Try to do an event with instructors. I'm a pretty good driver but learned lots from my instructor. He was also a race car driver which proved to be a terrifying experience when it was his turn to show me what the car can do. He showed me an entirely different limit.


----------



## ittamaticstatic (Nov 5, 2003)

Damn that sounded like fun! Too bad those fogies in thier pride and joy car didn't let you pass them for the next set of turns. Get some juice for the straights next time and you'll really spook them.


----------



## pete? (Jul 6, 2004)

if you do simple things like add adjustable shocks but keep the stock springs you can dial up the shocks on track day and the car will corner flatter, but you can take them back down for road driving and have a nicer ride. get a set of smaller and lighter wheels like some 16 inch or even 15 inch rotas and slap some azenis on them. get some nitrous and you will have allot of fun with those cars. there is nothing like pulling up next to a car that is supposed to be a "sports car" in a sentra and waving at him :thumbup:


----------



## sukebegigi (Mar 5, 2005)

pete? said:


> if you do simple things like add adjustable shocks but keep the stock springs you can dial up the shocks on track day and the car will corner flatter, but you can take them back down for road driving and have a nicer ride. get a set of smaller and lighter wheels like some 16 inch or even 15 inch rotas and slap some azenis on them. get some nitrous and you will have allot of fun with those cars. there is nothing like pulling up next to a car that is supposed to be a "sports car" in a sentra and waving at him :thumbup:


Some good advice but I'm going mod free so long as I own this car. While I do understand the benefits, I also have priorities (Mortgage, RRSP, rub n' tug massages, etc).


----------



## redshoes (May 30, 2005)

i totally know what you are saying about those german cars (and their drivers). I work at a german import dealership and am not in the least bit surprised you gave a TT a run for its money in a car that is maybe a 1/3 it's price. I drive audis, porsches and bmw's every day. But when I recently got to drive an 02 spec v, (which I hope to buy saturday) it was the best driving experience I have had since I was given 30 min. alone with an M5. I hope to soon be showing my friends with A4 1.8T's what corners feel like.


----------



## ittamaticstatic (Nov 5, 2003)

True you spec will take those cars off the line and hold them for a bit, but my buddy stock 1.8t passed me fast once we reached 100mph. You just can't beat forced induction at high speeds.


----------



## sukebegigi (Mar 5, 2005)

ittamaticstatic said:


> True you spec will take those cars off the line and hold them for a bit, but my buddy stock 1.8t passed me fast once we reached 100mph. You just can't beat forced induction at high speeds.

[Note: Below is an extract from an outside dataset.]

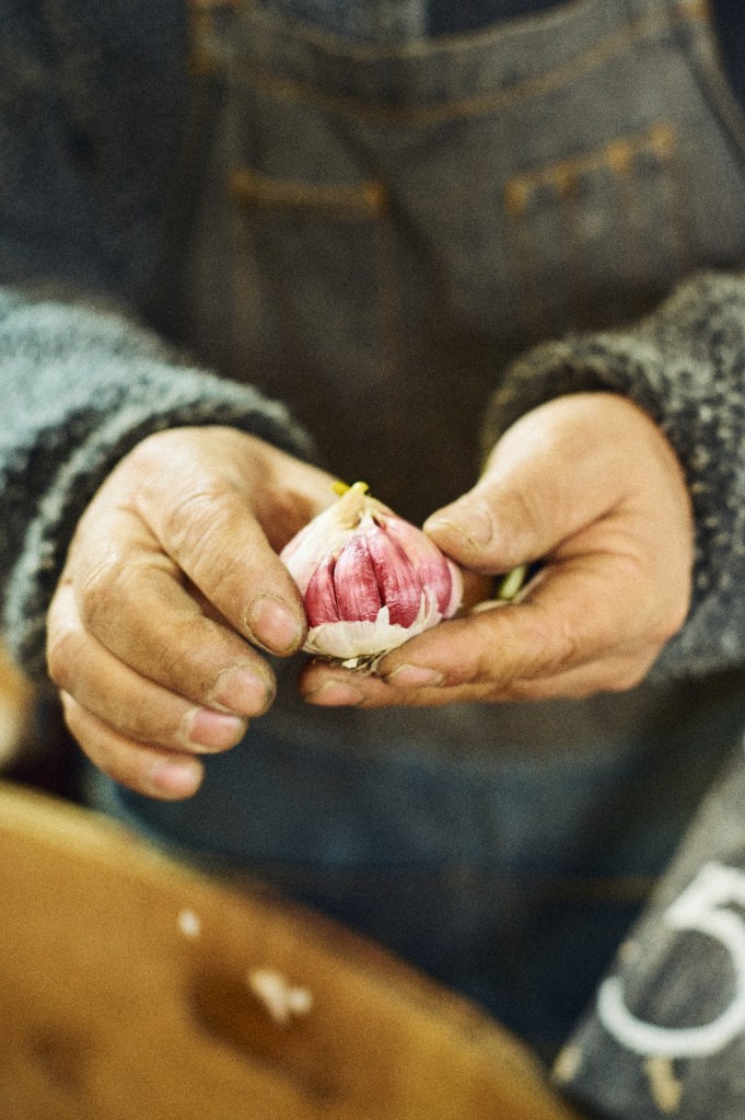 El ajo chileno, de cáscara rosada y sabor intenso, es una variedad espectacular para cocinar, pero poco a poco ha sido reemplazado por los ajos chinos, esos de color blanco y más insípidos. Son los mismos que vende Claudio Arredondo desde hace cuatro años, que compra directamente a pequeños productores de El Monte. También ofrece cebollas en escabeche, legumbres, miel de Curicó, cochayuyo de Pichilemu y especias de buena calidad, como comino, orégano y ají color.

But I'm not talking about road racing. I'm talking about track driving (it was emphasized that I was not actually racing as per insurance regulations). In fact, once in the corners, even the M3s were getting in my way, mostly cause this car gives you so much confidence straight away. You just have to believe. It's limits are quite unreal for a car that costs 25k loaded (canadian $). I felt proud everytime my car was mentioned. And it was mentioned alot.


----------



## ittamaticstatic (Nov 5, 2003)

Thats awesome, and it's great that your car gives you a lot of confidence. I remember when I first got mine and realized how over-rated the continental's were. All I can say is I did a 360 on the highway and was reluctant to push the limits for a while. I never hit anyone though. I'm sure your having better luck then I did :cheers:


----------